Adveser wrote:
The first "real" metal song I probably ever heard that wasn't beaten into my head from insane overplaying on the radio was likely "wishing well."
I just don't care for slow music myself, not in the heavily distorted guitar format anyway. A song has to be fairly busy on the vocals to overcome that in the mix. Even "lonely is the word" I have only heard less than a half dozen times.
I just remember being bored when I heard it for the first time and haven't really shaken that feeling since. There are production tricks to make slower songs have a faster pace than they do, but unfortunately Martin Birch just doesn't have that instinct, I don't think. And give everyone a hint that might care, boosting the bass frequencies on a slow song is a bad idea.
I do think it is a good album myself, but honestly, there are three songs on there that I like listening to and working with. The extremely boxy production demands a remix from the first bar of the first song.
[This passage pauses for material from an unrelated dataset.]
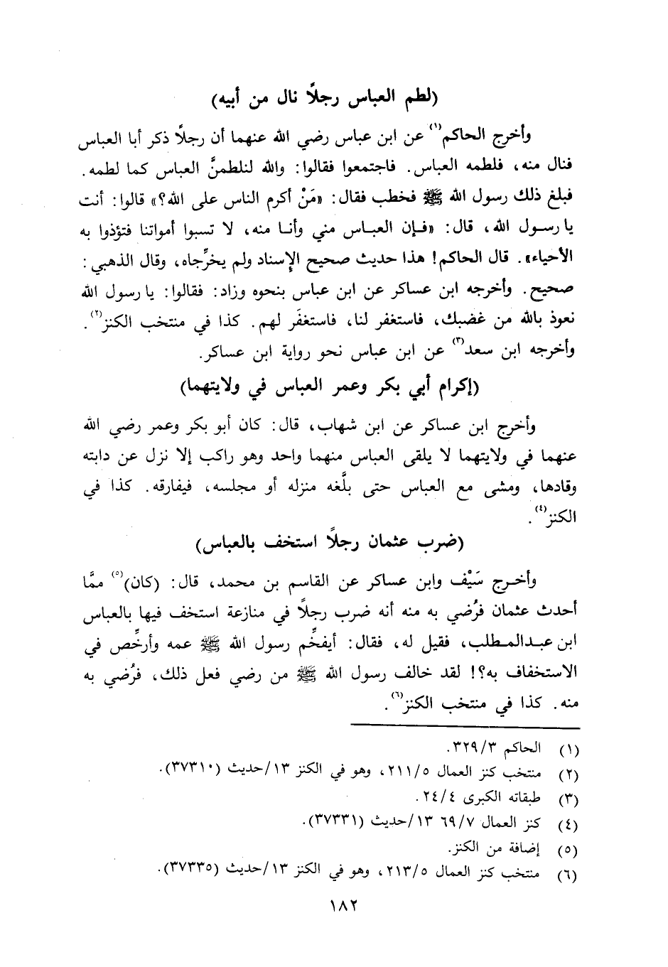 وأخرج سَيْف وابن عساكر عن القاسم بن محمد قال: ممَّا أحدث عثمان فرُضي به منه أنه ضرب رجلاً في منازعة استخف فيها بالعباس بن عبد المطلب، فقيل له، فقال: أيفخِّم رسول الله صلى الله عليه وسلم عمه وأرخِّص في الاستخفاف به؟ لقد خالف رسول الله صلى الله عليه وسلم من رضي فعل ذلك، فرُضي به منه. كذا في منتخب الكنز.

And yes, it is better than any Ozzy album still. Ozzy's one octave range, BS's endless jamming early on, the long ass resonating notes and sparse use of the whole scale, mixed with a slow pace is a recipe for me not liking an album, this makes the Dio years really special for me. Dio was a producer himself and I believe helped shape that material into what it was. I don't like songs like "The Jack" by AC/DC no matter who does them.
I can't remember who it was exactly, but Geezer did not play Bass on the demos for the songs and he subsequently used those demos as guides on how to play his bass parts on H&H, I think this dramatically would have changed the pacing of the songs and it makes H&H seem faster than MR in my opinion.
This is a very well thought out response, and I applaud you're honesty in that statement. The only thing being is that Dio era Sabbath lacks that certain darkness, the gloomy and doleful nature that epitomized the albums such as Master of Reality and Sabbath Bloody Sabbath. I don't wish to speak much about Ozzy era Sabbath in this thread, but while fragments of those days remain in their latter albums, I wonder how much of it will truly be remembered in latter years. I came to Sabbath late in my life, and I really just discovered albums like Seventh Star and Born again about two years ago.